Leaving out the pictures, return each line of the entries from the first through the line with "October 5, 2025", and only those lines.

Material for the task:
+ + +
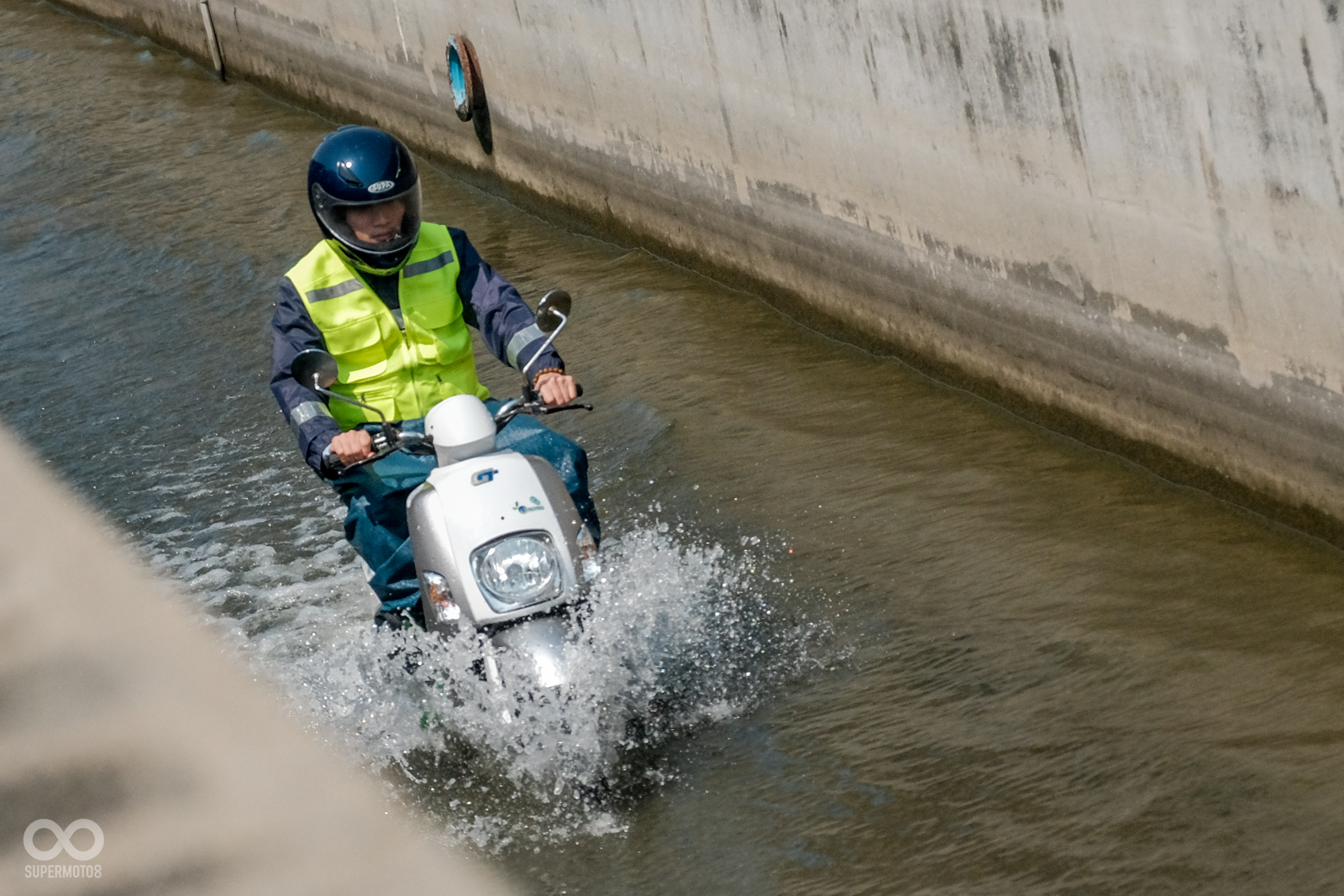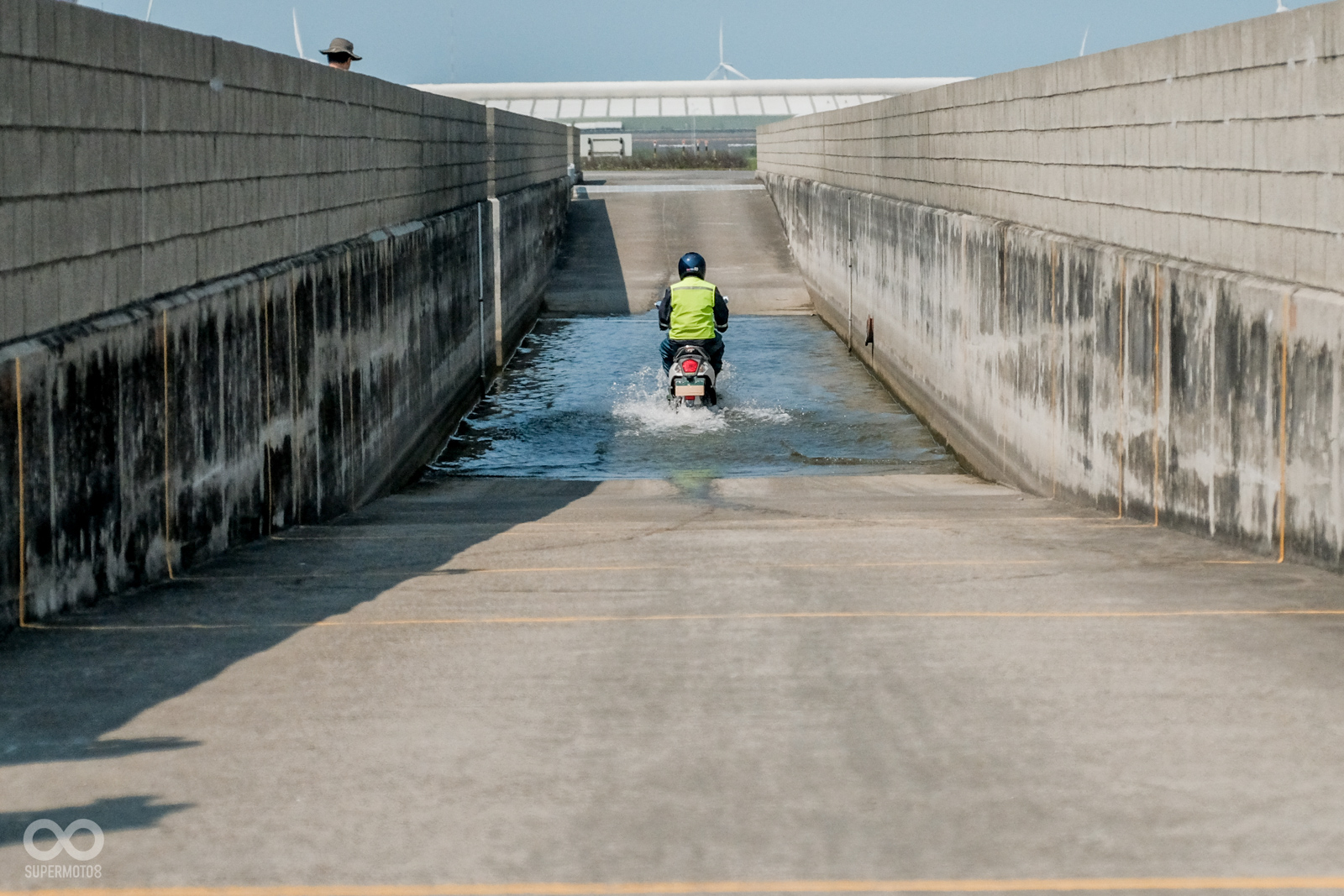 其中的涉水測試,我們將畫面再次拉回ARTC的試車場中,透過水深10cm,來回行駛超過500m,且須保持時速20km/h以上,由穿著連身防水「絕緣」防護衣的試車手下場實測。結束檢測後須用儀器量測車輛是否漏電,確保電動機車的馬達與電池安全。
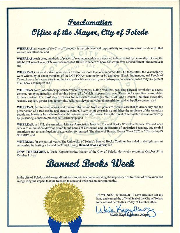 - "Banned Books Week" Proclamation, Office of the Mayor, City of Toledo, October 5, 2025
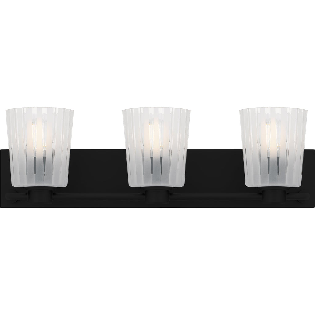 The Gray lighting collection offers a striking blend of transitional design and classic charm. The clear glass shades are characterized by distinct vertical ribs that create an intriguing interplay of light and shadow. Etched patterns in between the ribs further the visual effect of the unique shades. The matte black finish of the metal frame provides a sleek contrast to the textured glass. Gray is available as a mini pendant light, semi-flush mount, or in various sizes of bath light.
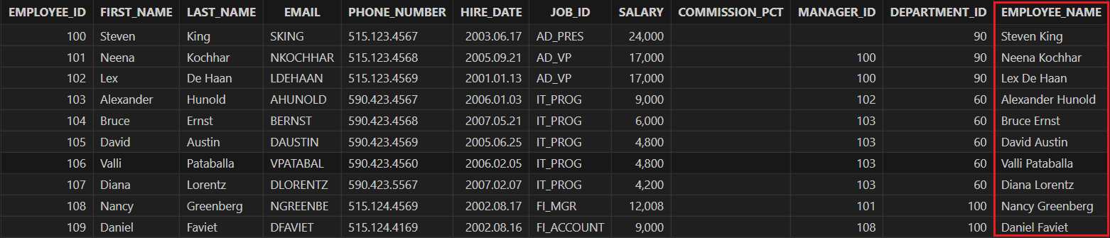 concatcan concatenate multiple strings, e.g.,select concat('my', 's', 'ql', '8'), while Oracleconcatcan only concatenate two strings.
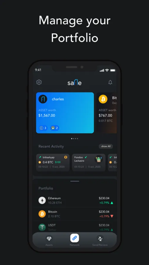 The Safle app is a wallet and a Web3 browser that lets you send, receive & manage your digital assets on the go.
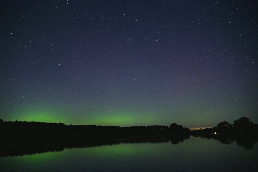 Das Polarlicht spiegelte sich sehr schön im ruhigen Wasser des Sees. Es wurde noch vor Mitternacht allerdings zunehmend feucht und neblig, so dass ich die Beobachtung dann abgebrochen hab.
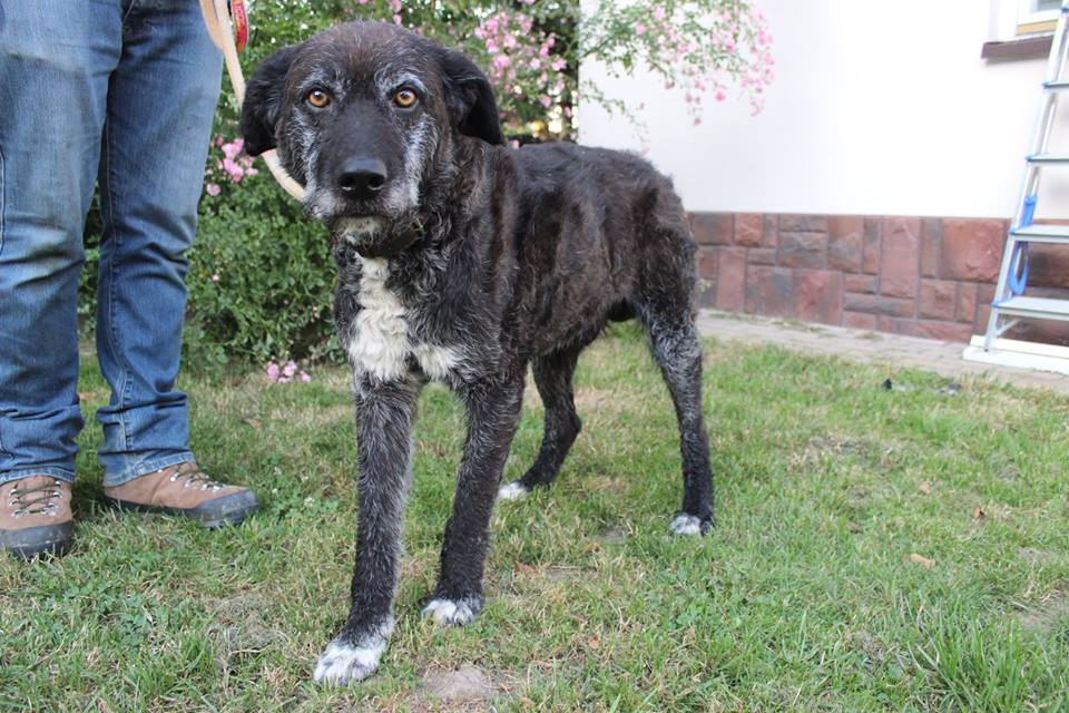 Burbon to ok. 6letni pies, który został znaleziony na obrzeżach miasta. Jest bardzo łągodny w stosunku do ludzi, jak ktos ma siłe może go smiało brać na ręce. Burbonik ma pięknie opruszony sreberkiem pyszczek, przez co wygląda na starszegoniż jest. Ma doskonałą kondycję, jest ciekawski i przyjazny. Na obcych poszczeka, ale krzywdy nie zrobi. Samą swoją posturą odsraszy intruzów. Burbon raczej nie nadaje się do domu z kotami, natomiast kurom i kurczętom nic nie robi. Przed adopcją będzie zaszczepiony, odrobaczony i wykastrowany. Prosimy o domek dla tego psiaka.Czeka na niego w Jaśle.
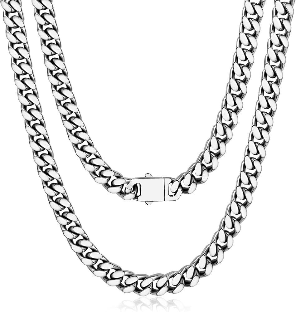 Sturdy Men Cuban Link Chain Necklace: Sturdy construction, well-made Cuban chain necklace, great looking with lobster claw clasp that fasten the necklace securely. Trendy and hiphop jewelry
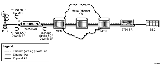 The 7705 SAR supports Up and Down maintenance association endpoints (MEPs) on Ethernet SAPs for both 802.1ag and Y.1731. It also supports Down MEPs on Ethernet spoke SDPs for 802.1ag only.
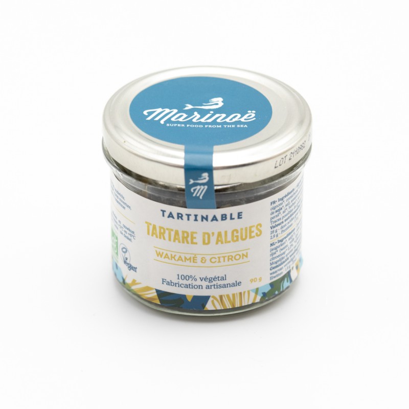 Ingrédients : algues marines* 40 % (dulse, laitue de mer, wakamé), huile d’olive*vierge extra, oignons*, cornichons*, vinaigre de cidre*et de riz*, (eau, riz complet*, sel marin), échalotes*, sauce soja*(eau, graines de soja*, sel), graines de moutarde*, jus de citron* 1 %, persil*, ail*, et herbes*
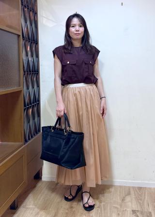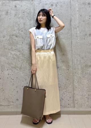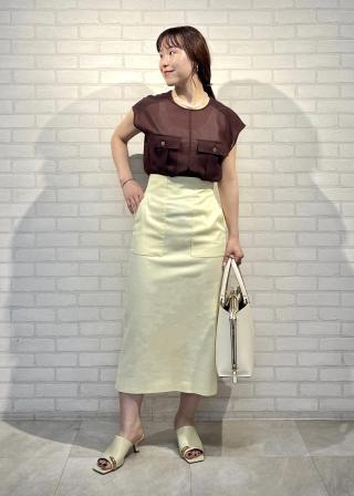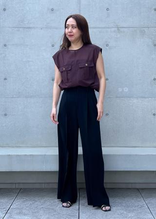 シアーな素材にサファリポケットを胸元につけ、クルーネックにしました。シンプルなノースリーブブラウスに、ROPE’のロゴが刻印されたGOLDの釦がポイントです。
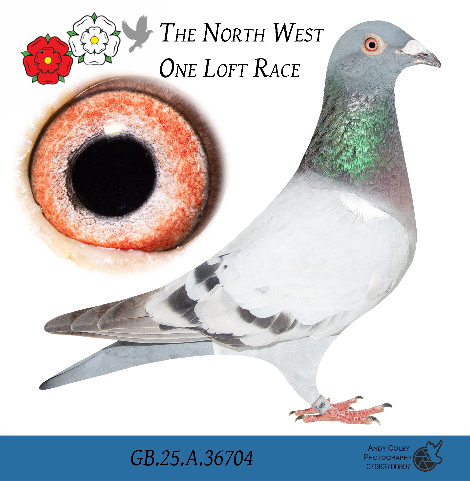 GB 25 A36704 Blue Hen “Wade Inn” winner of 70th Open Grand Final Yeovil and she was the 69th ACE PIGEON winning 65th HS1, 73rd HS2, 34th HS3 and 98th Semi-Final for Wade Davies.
+ + +
Output below:
 其中的涉水測試,我們將畫面再次拉回ARTC的試車場中,透過水深10cm,來回行駛超過500m,且須保持時速20km/h以上,由穿著連身防水「絕緣」防護衣的試車手下場實測。結束檢測後須用儀器量測車輛是否漏電,確保電動機車的馬達與電池安全。
 - "Banned Books Week" Proclamation, Office of the Mayor, City of Toledo, October 5, 2025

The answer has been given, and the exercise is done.